UNBC Northwest offers University Life 101 for young Aboriginal students

March 2, 2018

The University of Northern British Columbia is bringing its Spring into Transition program to its Terrace campus, which gives Aboriginal youth a taste of university life.

Not knowing what to expect may discourage any young person from attending a post-secondary institution. This is just one of the reasons why UNBC developed the Spring into Transition program as part of its Aboriginal Service Plan.

“Providing Aboriginal youth with an opportunity to experience University while they are still in their Secondary School years is important,” says Dr. Rheanna Robinson, Senior Advisor to the President on Aboriginal Relations at UNBC. “Not only may this ease the students' transition to post-secondary education, but the Spring into Transition program provides a significant opportunity to show the breadth and depth of supports available to students in higher learning institutions to bolster success.”

The program runs from March 12 – 16 and welcomes both Aboriginal learners and their communities to post-secondary education by providing an innovative, supportive, and highly engaged experiential learning experience.

Open to Grade 11 and Grade 12 Aboriginal students from the Northwest region, students will master new learning strategies and participate in cultural activities, as well as meet and learn from Elders, guest speakers, and professors.

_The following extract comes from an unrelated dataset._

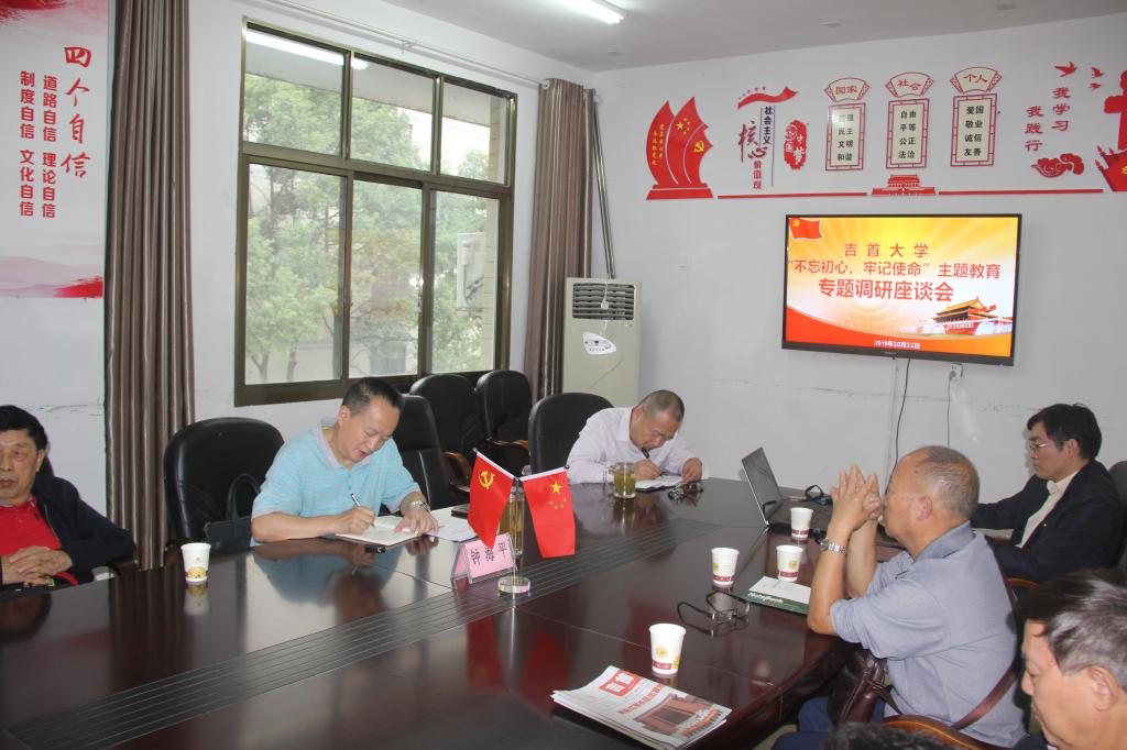 (离退休工作处)10月11日上午,学校党委委员、副校长钟海平到学校老年活动中心301会议室,开展“不忘初心、牢记使命”主题教育工作调研座谈会。离退休工作处党委委员、支部书记及部分离退休教职工代表参加座谈会。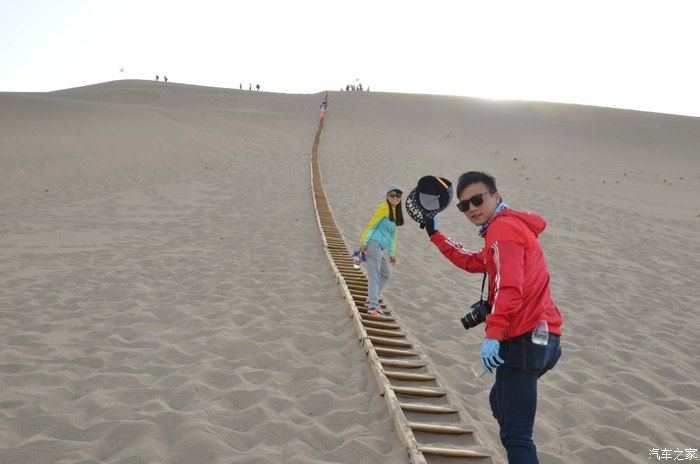 又高了几百米!因为附近没人,又没三脚架(···比较业余,勿怪)··只好放在车顶上自己来一张!4个人的小合影!

Students will be enrolled in ARTS 101: Learning Strategies, a UNBC course where they will identify their strengths as a student, recognize their skill sets, determine their career goals, and, learn how best to make a successful transition to university. Upon completion of the course, students will earn three University credits that are eligible towards a UNBC degree.

“The lectures, seminars, and culturally relevant experiential learning opportunities in the ARTS 101 course are an exciting way to introduce youth to University programming,” says Robinson. “The Spring into Transition program highlights the potential opportunities available through post-secondary learning, and also enables students to realize the contribution Aboriginal communities make to our campuses, as an integral part of the UNBC community.”

Although it is a new program to Terrace, Spring into Transition is in its fourth year at UNBC’s Prince George campus, with more than 50 enrollees to date. Past students have had a chance to meet with UNBC Elders to learn about First Nations cultural history in the area and participate in cultural activities; they visited the University’s science labs, and were able to build friendships with peers from other communities or bands.

Spring into Transition at UNBC Northwest Terrace campus is open to 28 participants. Anyone who wishes to enrol is encouraged to apply. The program supports all student fees, food, supplies and activities, and reimbursements of transportation costs will be provided for out of town students.